In-depth qualitative interviews were carried out with 22 people who responded to advertisements at the University of Surrey. Interviewers sought to determine their beliefs about choice across a number of domains including health care, shopping, eating out, and relationships. Participants in this study described choice in terms of a number of key themes including the value of choice, trust in the choice provider, the appearance of choice rather than the substance of any real choice, and regret following choice. Detailed results from this study are being published elsewhere.12,13 For the purpose of the present study, nine items were selected that reflected the range of views participants held about choice. In order that the questionnaire could be used in the health domain and from a more general perspective, four items were selected to reflect beliefs about choice in general and five were selected to reflect beliefs about choice in the context of health care.
How this fits in
Current policy and research emphasise the importance of choice in the healthcare context but, to date, there is no measurement tool to assess patients' beliefs about the value of choice. This article presents a new scale to assess beliefs about choice. Choice is best conceptualised as consisting of beliefs about having choices and making choices.
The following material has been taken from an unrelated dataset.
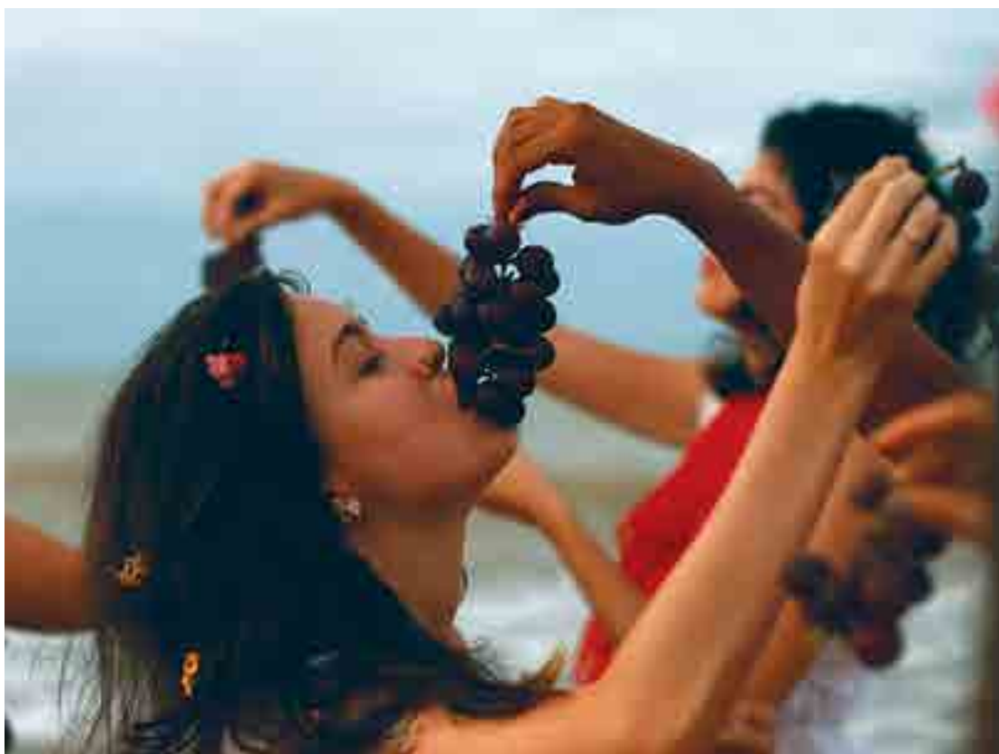
A performance do Evoé! é baseada nas obras literárias 'Outros jeitos de usar a boca', 'Fúcsia' e 'Eu; Mulher; Mulher'

Participants were asked to rate the extent to which they agreed with each statement using a five-point Likert scale ranging from (1) ‘strongly disagree’ to (5) ‘strongly agree’. In addition, all participants were asked to record their age, sex, ethnicity (white, black, Asian, or other), educational level (none, GCSEs, A-levels, degree and above), and how many times they had visited their doctor in the past year (0, 1–3, 4–8, 9–12 consultations).
They were also asked to rate their own current health (self-reported health status) using two scales: one scale ranged from (1) ‘worst possible’ to (5) ‘best possible’ health, the other included health ratings of poor, good, very good, and excellent health. These two items were summated to create a mean self-reported health score. For descriptive purposes, scores were categorised into low, medium, and high self-reported health status.